Chronique

Healing Unit

Please Repeat

Paul Wacrenier (p), Arnaud Sacase (as), Xavier Bornens (tp), Marco Quaresimin (b), Benoist Raffin (dms)

Label / Distribution : Le Fondeur de Son

Un pianiste comme Paul Wacrenier est un artiste qui s’inscrit dans un genre et dans une tradition. Dans le petit monde du Free Jazz francophone, il fait partie des incontournables grâce à ses collaborations avec Yoram Rosilio, Thierry Mariétan ou Tomasz Dabrowski. Avec son entité Healing Unit, qui devient Orchestra lorsqu’elle est élargie, Wacrenier impose une musique référentielle et nerveuse qui sillonne tout aussi aisément les rivages de l’AACM que ceux d’Ornette ou de Dolphy. Dans Please Repeat, son dernier album avec son Unit réduite à son plus simple appareil en quintet, le morceau justement nommé « Opening » est un modèle du genre : sur une rythmique impeccable tenue fermement par la contrebasse de Marco Quaresimin que l’on sent influencé par William Parker, le saxophone (alto, forcément alto) d’Arnaud Sacase se chicane avec la trompette très âpre de Xavier Bornens.
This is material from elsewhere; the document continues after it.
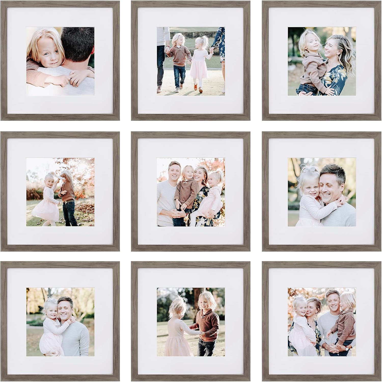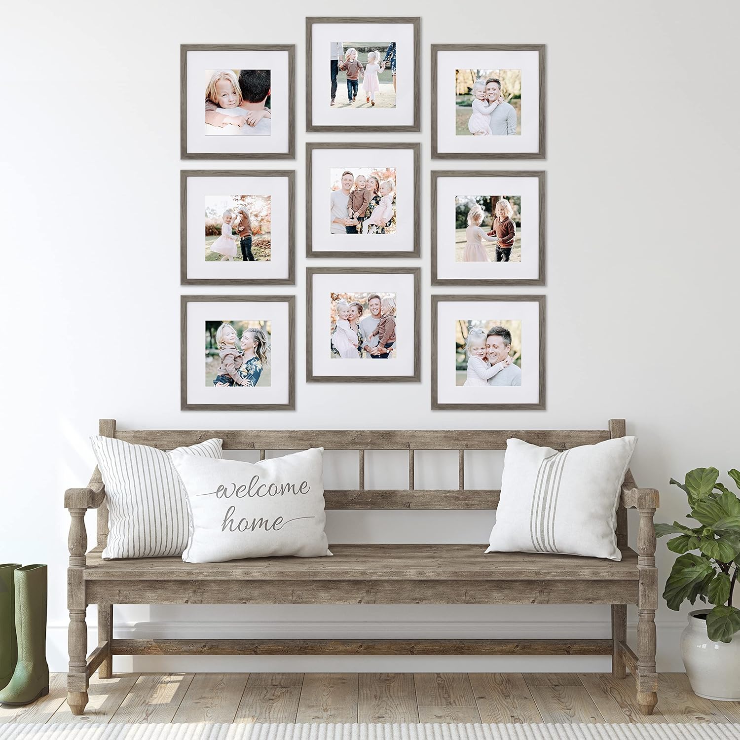 Sheffield Home 9 Piece Gallery Wall Frame Set, 12x12 Inch, Natural

De cette collision, célébrée par des interventions sporadiques mais enflammées du clavier, naît une suite habile et raffinée qui occupe tout l’album.

C’est d’ailleurs ce qui s’épanche de « Blues For AEC » qui débute dans une note tenue de vibraphone, pont avec le morceau précédent ; une prolongation du rapport de force engagé dès le début de l’album. Dans un exercice là aussi très référentiel, le Healing Unit fait preuve d’une solidité à toute épreuve. Au-delà de la contrebasse, brillante de bout en bout et s’offrant un solo remarquable, c’est le batteur Benoist Raffin qui impressionne par sa capacité à contenir les assauts avec autorité mais sans agitation, fruit d’une rigueur qui irise tout le quintet.

Dans ce contexte, Wacrenier jouit d’une liberté sans nulle pareille, telle qu’on peut l’entendre sur « Too New or Not to New », dans un beau dialogue avec Quaresimin. On le savait maîtriser un jeu percussif, mais la palette s’est étendue. Sur « Decision », il s’offre même quelques instants d’un lyrisme très concertant avec les deux soufflants qui dansent sur les cymbales de Raffin, lui aussi un proche de Rosilio, dont le label Le Fondeur de Son édite cet album. Le précédent album du Healing Unit, Messing Around était augmenté de Sylvaine Hélary. Sans la flûte, le ton de l’orchestre est plus rugueux, écorché, et s’offre moins d’espace. C’est dans ce confinement désiré que naît une puissance concentrée qui explose parfois à basse intensité, comme un trop plein (« Outro »). C’est aussi la clé d’une formule maîtrisée et très efficace où la jubilation est partagée entre musiciens et auditeurs. Un travail soigné.